The European Central Bank (ECB) has lost its independence in the wake of gaining additional powers following the 2011 sovereign debt crisis, a former member of its Governing Council has told CNBC.
Panicos Demetriades, formerly head of the Cypriot Central Bank, served as an ECB Governing Council member between 2012 and 2014. He resigned from his post due to tensions with the Cypriot government over the financial crisis that then was taking place in the country. Media reports at the time suggested that the Cypriot government believed the central bank of Cyprus had made mistakes that led to a banking and subsequent financial collapse.
Demetriades told CNBC that he had received death threats and had to leave his post and Cyprus.
Speaking with CNBC in a phone conversation Monday, Demetriades said: “(ECB) President (Mario) Draghi has made his personal project to do ‘whatever it takes’ to save the euro and he’s been consistent with that. But that’s created some unintended consequences, such as the erosion of central bank independence, especially in the periphery.”
In July 2012, Draghi claimed he would do “whatever it takes” to restore the euro zone economy and save the euro. According to Demetriades, this led to a general perception that governments could do what they wanted, and that the ECB would be there to rescue their economy, no matter what.
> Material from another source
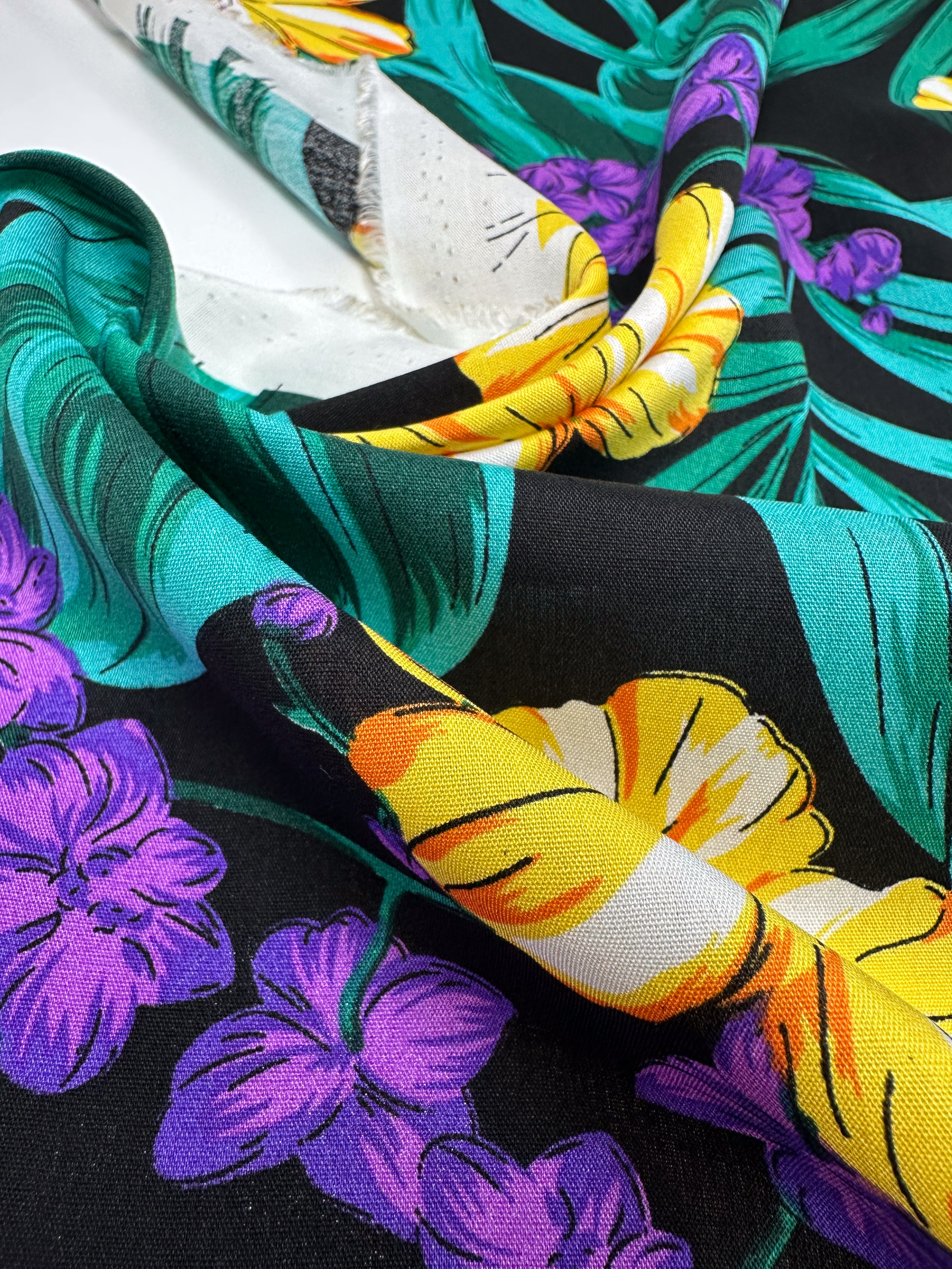 Our Designer Rayon showcases a beautiful and colourful fabric with vibrant prints that can be used for various purposes such as dresses, skirts, blouses, curtains, and more. Overall, rayon fabric offers both comfort and style, making it a versatile choice for any project.

As a consequence, central bank governors — who are appointed by national governments and have a seat at the ECB table — would do whatever it takes to protect their national economy, he said.
Demetriades added that this erosion of independence “started in Cyprus as a result of the unprecedented banking crisis in 2013… and continued in Slovenia and Latvia, more recently.”
In 2016, Slovenian authorities investigated the country’s central bank chief Bostjan Jazbec for “criminal abuse of office” and seized documents that contained ECB information. More recently, the central bank governor of Latvia, Ilmars Rimsevics, was ousted following allegations of corruption. He claimed he was the victim of a concerted campaign by several banks.
“It’s very telling what happened to the Latvian governor, if you want to get rid of your governor, you just need some serious allegations and you can get it done over a weekend,” Demetriades told CNBC.
“The accumulation of additional powers in the wake of the crisis, such as bank supervision and bank resolution, which are inherently more political, has created a backlash against central bank independence.”
The ECB did not want to comment on the issue when contacted by CNBC. But according to its website, “the political independence of the ECB is instrument to its primary objective of maintaining price stability.”
Europe’s central bank was given additional powers in the wake of the debt crisis that shook the continent to ensure a stronger financial stability. These included overseeing the balance sheet of the euro area banks and requesting additional capital if needed.
Arguably, the expansion of powers has increased the pressure on central bankers, who now have to deal with more than just ensuring the right level of inflation.